[Кто живет мировой историей, стоит ли ему обращаться к мгновению? Кто прозревает и прорывается сквозь эпохи, лишь тот достоин говорить и сочинять.]
Этот эпиграф предвосхищает один из важных пунктов той критики, которую Курциус обращает против «Идеологии и утопии» (очевидно, что в 1929 году он считал этот пункт важнейшим, однако в более универсальном книжном варианте добавлено еще несколько общезначимых тезисов): переоценка сиюминутных обстоятельств; по Мангейму, на момент публикации «Идеологии и утопии» сложилась уникальная историческая ситуация, в которой «история обнажила свои структуры», и что ситуация эта может «внезапно» уйти. Курциус говорит, что это некритичный и, по существу, ненаучный подход, ставящий личное восприятие сегодняшнего дня превыше исторического осмысления; следующий фрагмент явно отсылает к эпиграфу из «Ксений»288:
Измерять все мгновением ока – значит делаться близоруким. Лишь тот, кто возьмет за правило взирать на целые столетия в их совокупности, сможет – с надеждой – что-нибудь разобрать в делах человеческих289.

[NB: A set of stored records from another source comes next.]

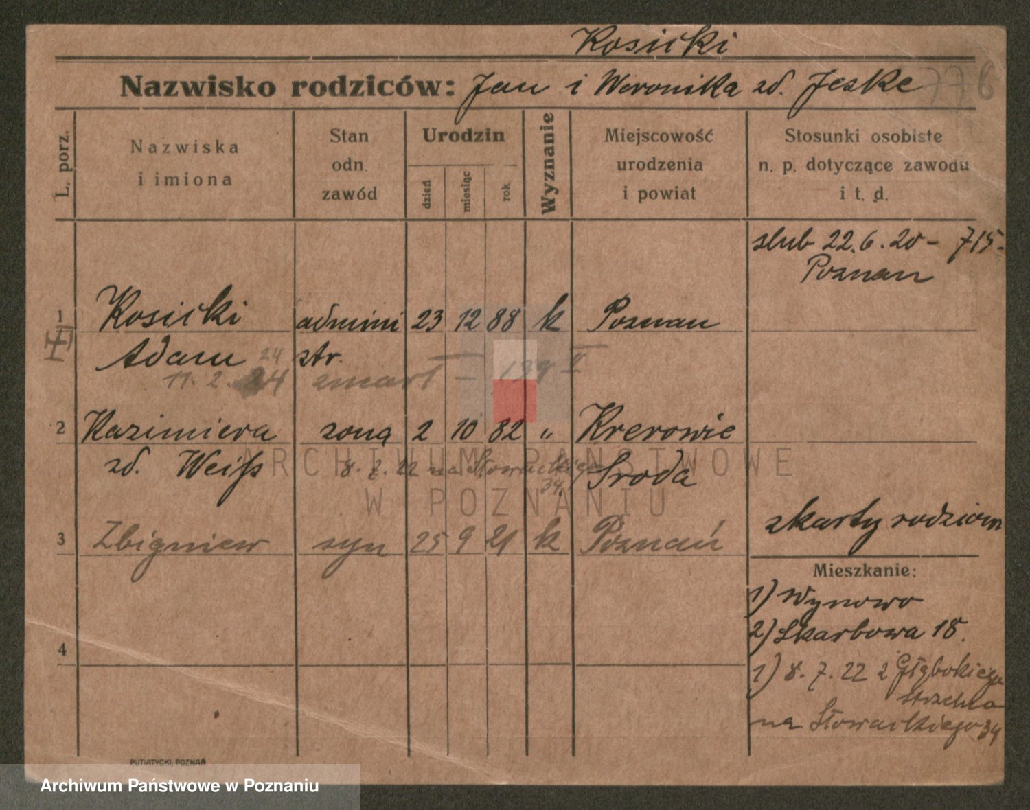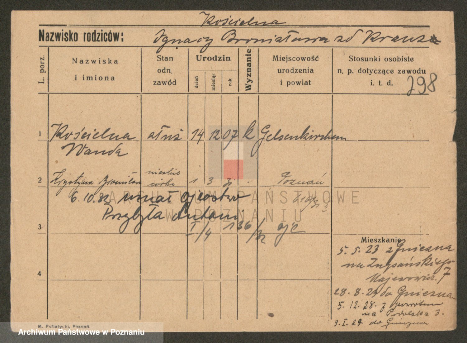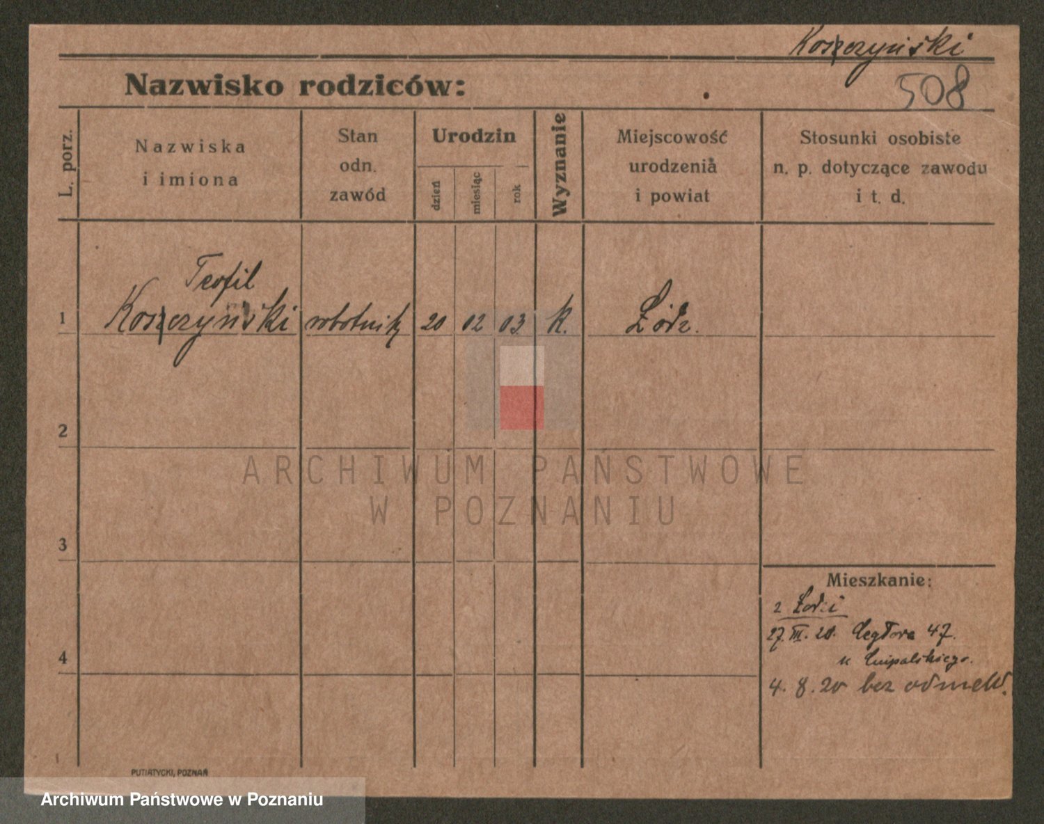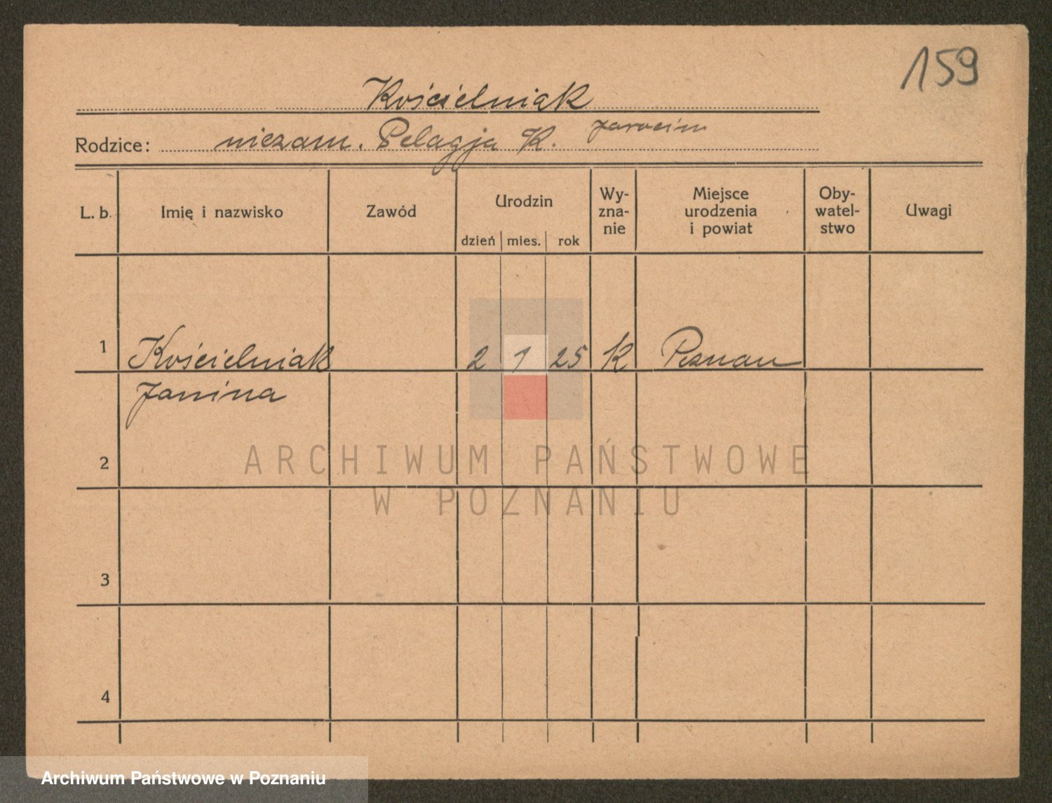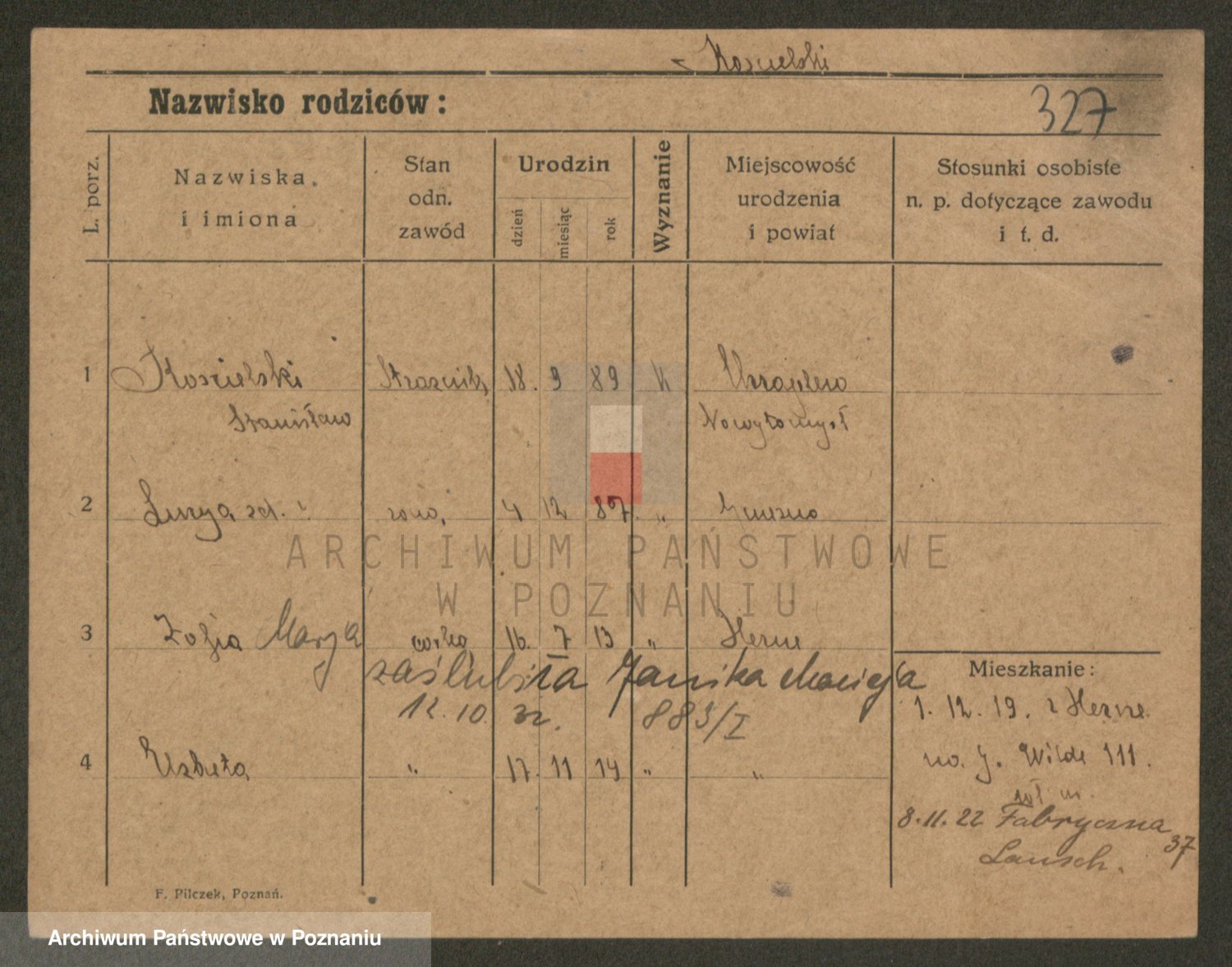 Podgląd karty osobowej dostępny jest po kliknięciu na nazwisko lub ikonkę karty. Można dokonywać powiększenia (ikony na górze) lub przechodzić między kolejnymi skanami (strzałki po bokach).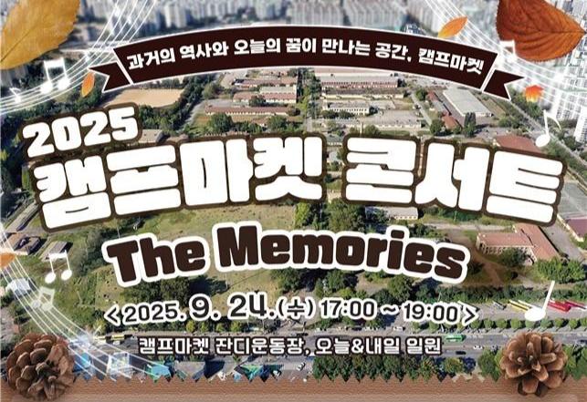 인천광역시(시장 유정복)는 오는 9월 24일 오후 5시, 부평 캠프마켓 개방 공간인 잔디운동장에서 `2025 캠프마켓 콘서트 The Memories`를 개최한다고 밝혔다.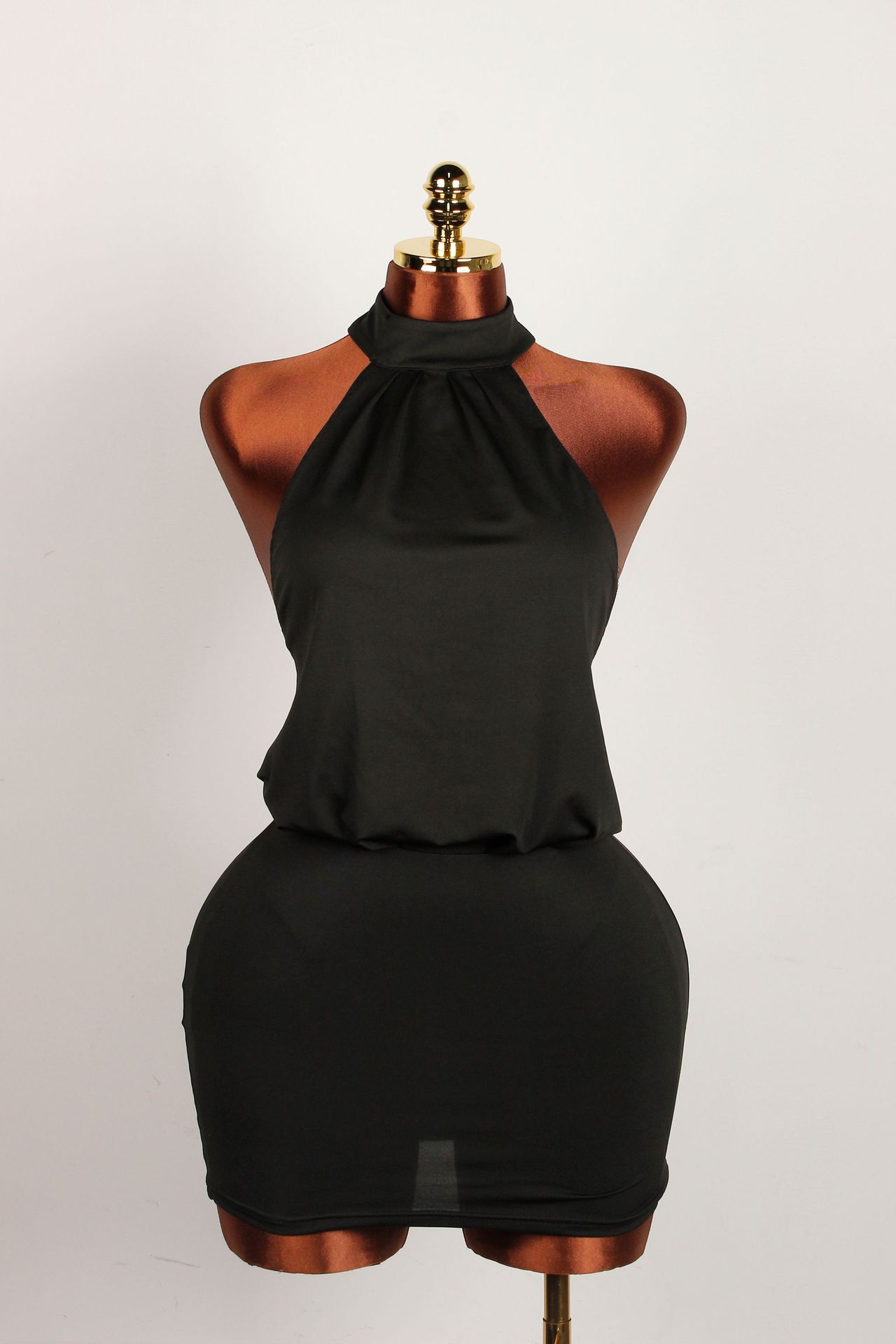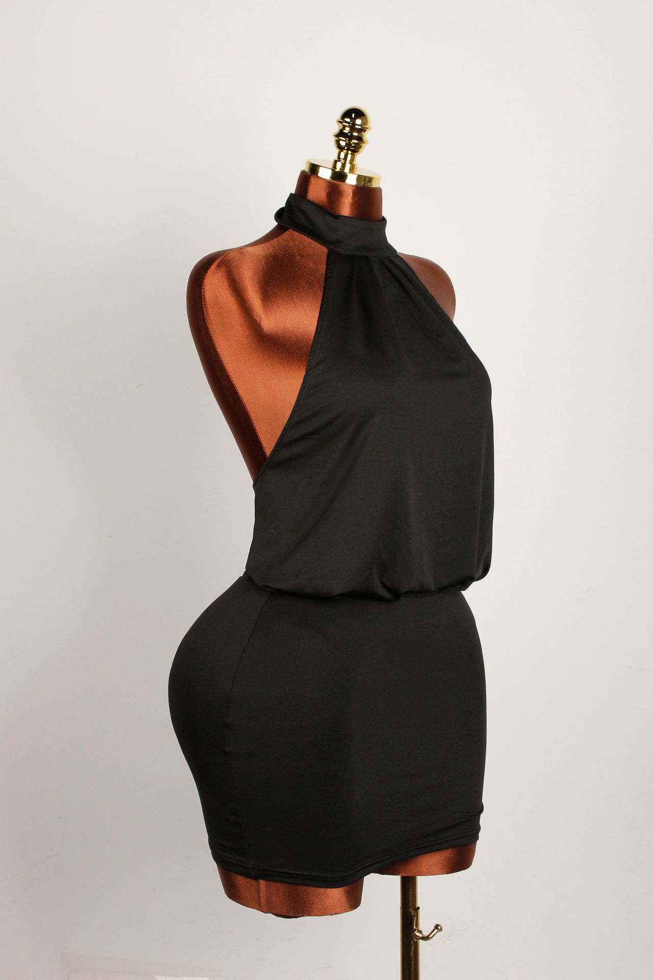 Copy| Product Name | Women's Solid Halter Neck Low Back Sexy Bodycon Mini Dress |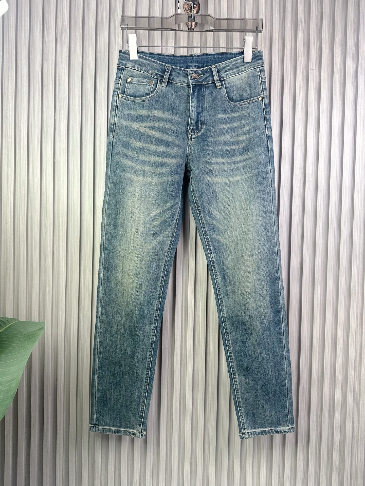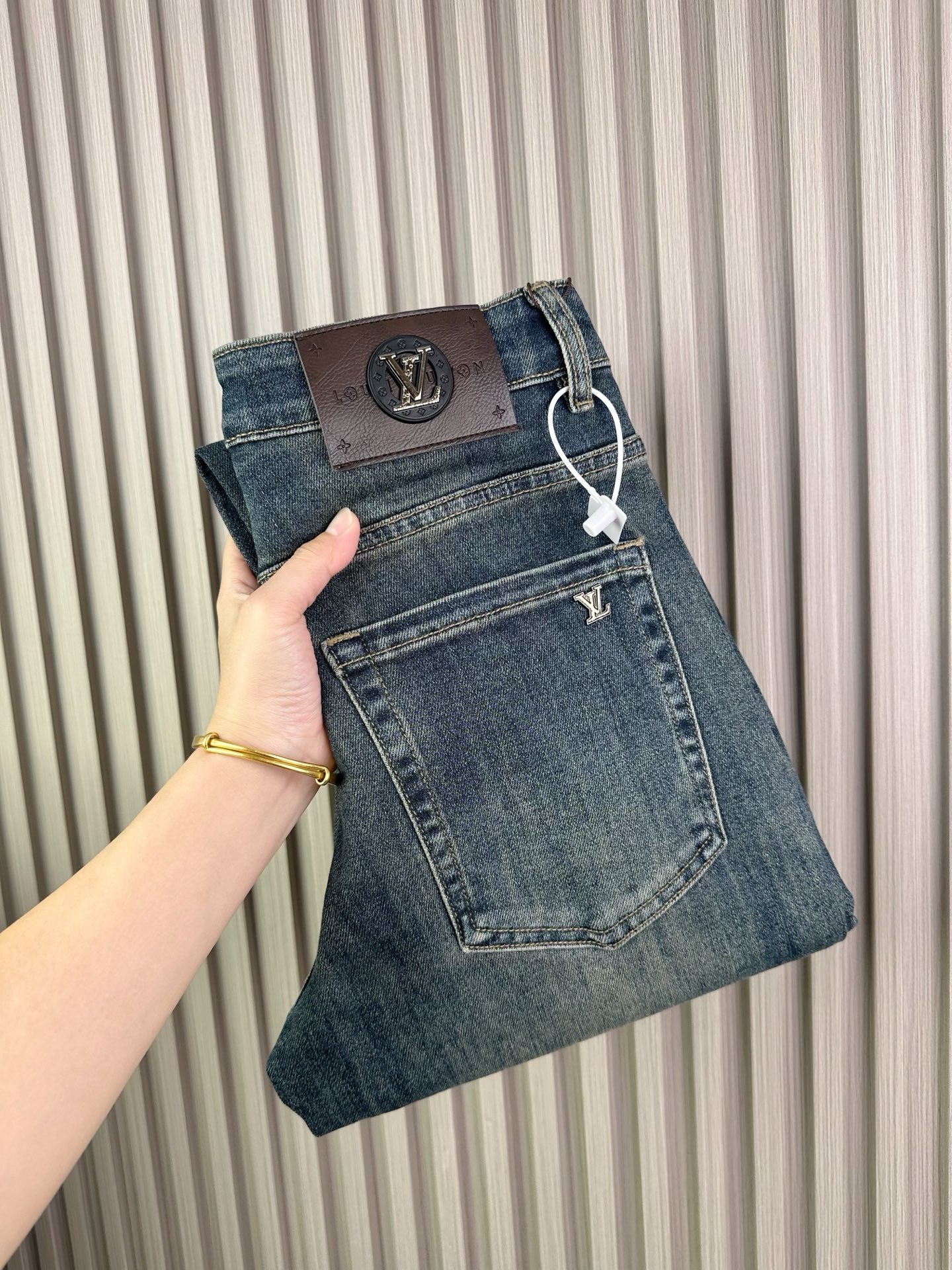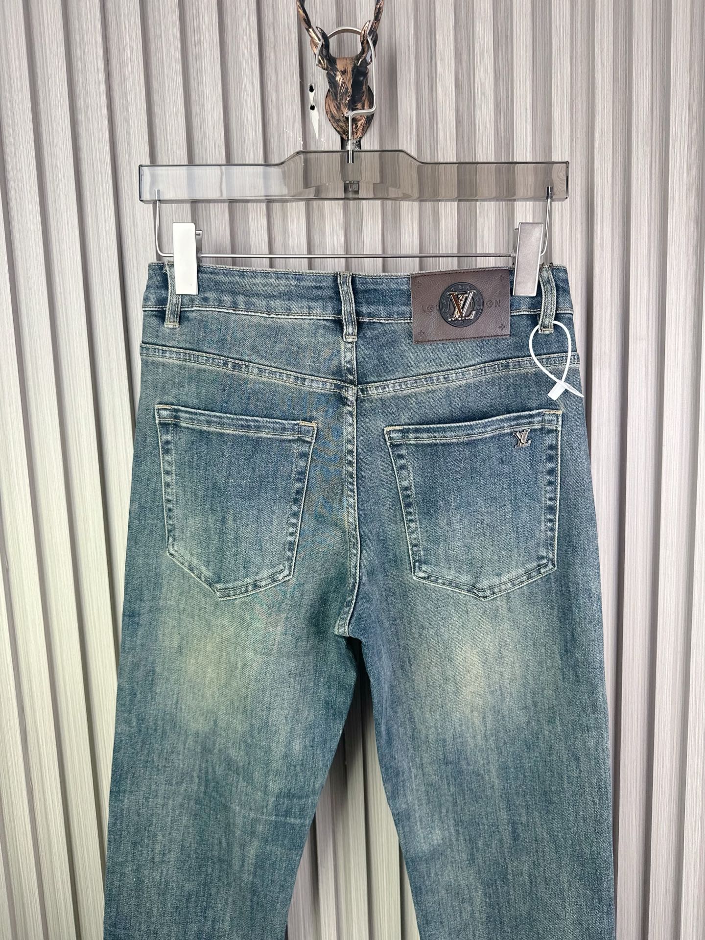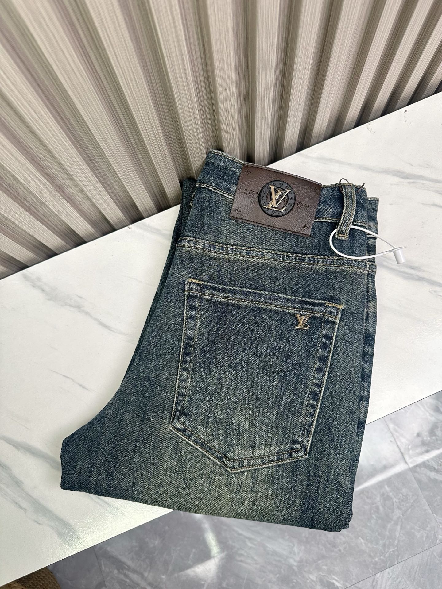Classic LV-inspired jeans, slim fit stretch pants with heavy wash process. Comfortable, breathable fabric. Fashionable must-have item. Sizes 28-38 available.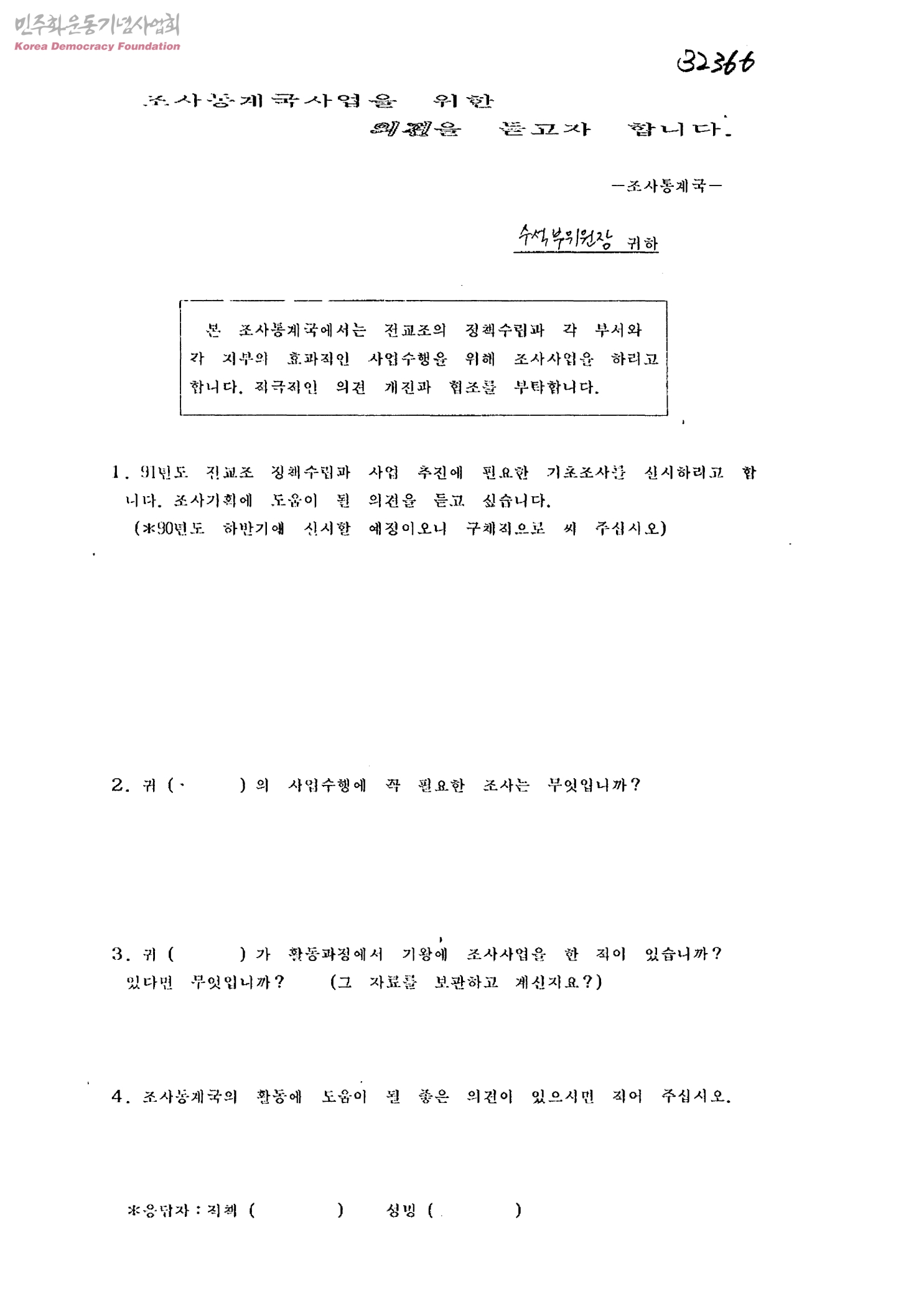 조사통계국사업을 위한 의견을 듣고자 합니다.

От начала и до конца статья «Социология – и ее границы» построена, по сравнению с четвертой главой «Немецкого духа», совершенно иначе; открывается она (вполне в духе Курциуса по меркам 1929 года) с французских параллелей:
В духовной истории Третьей французской республики имели место приснопамятные разногласия по поводу социологии. Социология позитивистского толка представлялась тогда прекрасным инструментом для формирования секуляризованных масс. Как только было научным образом установлено, что индейцы бороро в своих культовых танцах отождествляют себя с попугаями, то испарилась с этим и магия литургии, и первые народные просветители, уже к ней невосприимчивые, с легкостью ее отвергли. Социология служила тогда официальной идеологией в культурной борьбе «красных» с «черной» Францией. Но потом социологию гладили уже против шерсти – можно вспомнить сарказмы того же Пеги – и ведущая французская интеллигенция вскоре от увлечения социологией отпала. На сегодняшний день социология во Франции больше не вызывает партийных дрязг и не делается уже воинствующей доктриной; она стала тем, чем и должна была стать изначально: честной научной дисциплиной, отраслью специального знания290.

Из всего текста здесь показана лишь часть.